Mr Lee had “shown genuine insight into his misconduct” and had been dismissed from his firm, so his career had been “substantially damaged”.

More generally, the tribunal said it accepted that text communications “were now a normal method of communication and that they were not as formal as emails or letters. However, solicitors needed to be aware that their duties of professionalism applied in informal communications just as much as when writing a letter. The solicitor would need to consider how the communication would be viewed by a third party, as well as by the recipient”.

It added: “This case demonstrated the need for solicitors to avoid any dealings with clients which were or could be viewed as inappropriate. Solicitors ought generally to avoid the use of bad language unless it was clearly necessary. Whilst good communication with clients might well include avoiding formal language, there was no need to adopt the sort of crude language used in this case.

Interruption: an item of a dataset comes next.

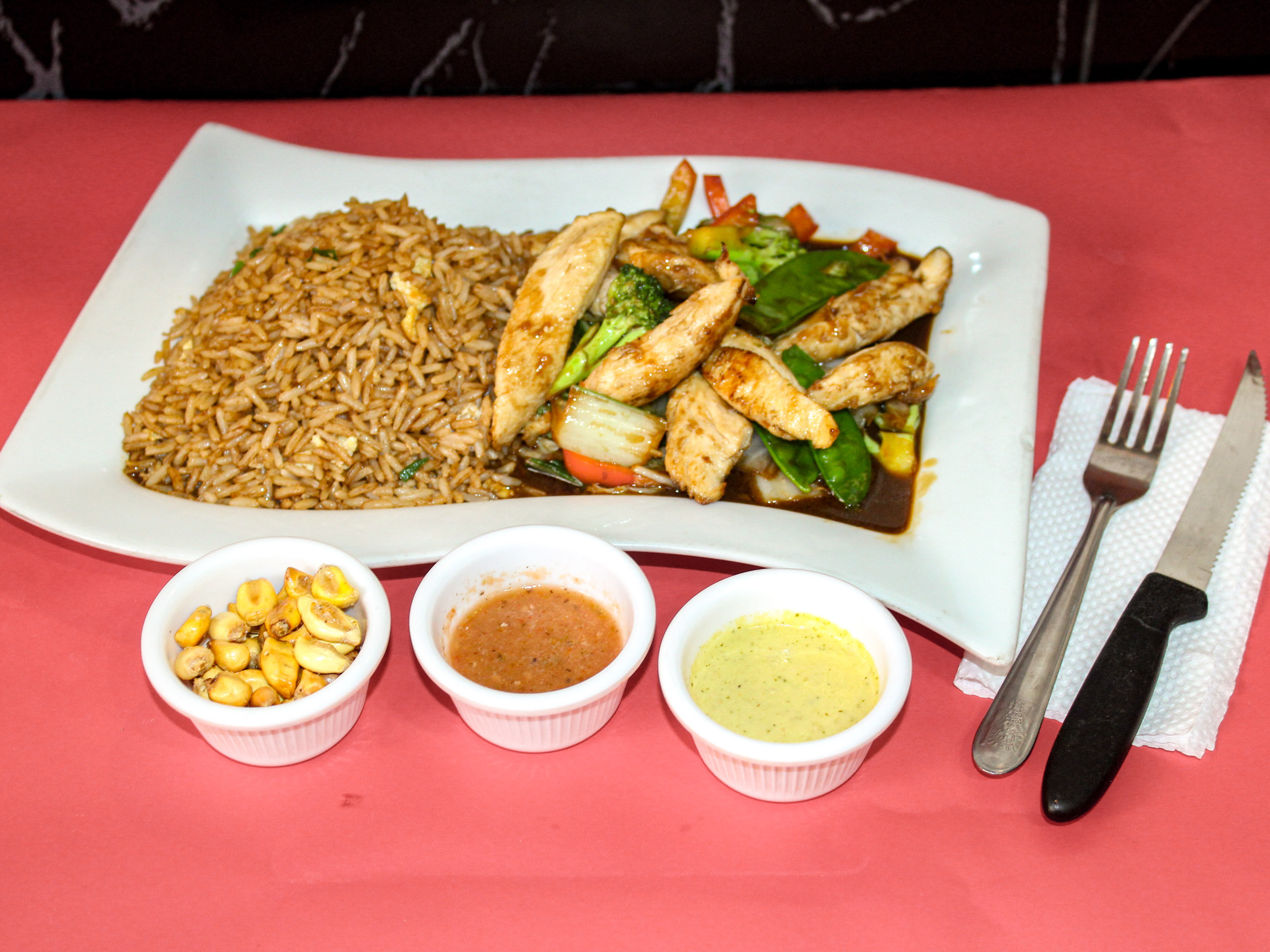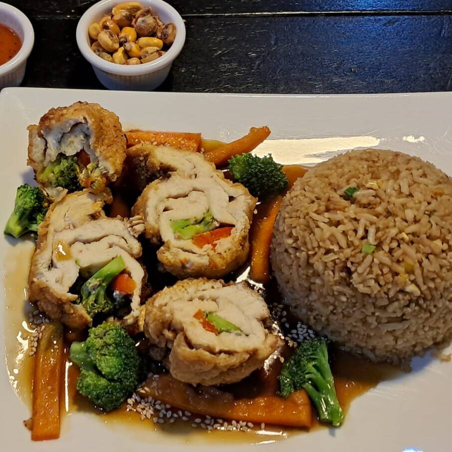 Arroz Chaufa + 01 Pieza grande de Pollo Enrollado acompañado de Salteado de verduras bañado en salsa de Ostión

“Solicitors should also beware of patronising clients by suggesting there was any need to ‘go down’ to their level. Whilst many clients might benefit from being treated in a friendly and informal way others, including victims of domestic violence, might benefit more from being treated respectfully.”

Fining Mr Lee £5,000, the tribunal recorded that “the respondent’s culpability and the risk of harm caused by his misconduct, coupled with the fact that two breaches of the Principles had been proved, meant that a greater sanction than a reprimand was required. There was, however, no need to interfere with the respondent’s ability to practise in order either to protect the public or the reputation of the profession”.

The SRA submitted costs totalling over £47,000. However, the tribunal was highly critical of the failure of the SRA to take “proper and full” witness statements in the case and said the prosecution had been “poorly brought”. Statements it relied upon “lacked any narrative coherence or detail”.

In order to “signal its disapproval of the way this case had been prosecuted”, the tribunal reduced the costs payable by Mr Lee by 50%. It had already decided he was liable for one quarter of the overall reasonable costs because three out of four allegations had been dismissed.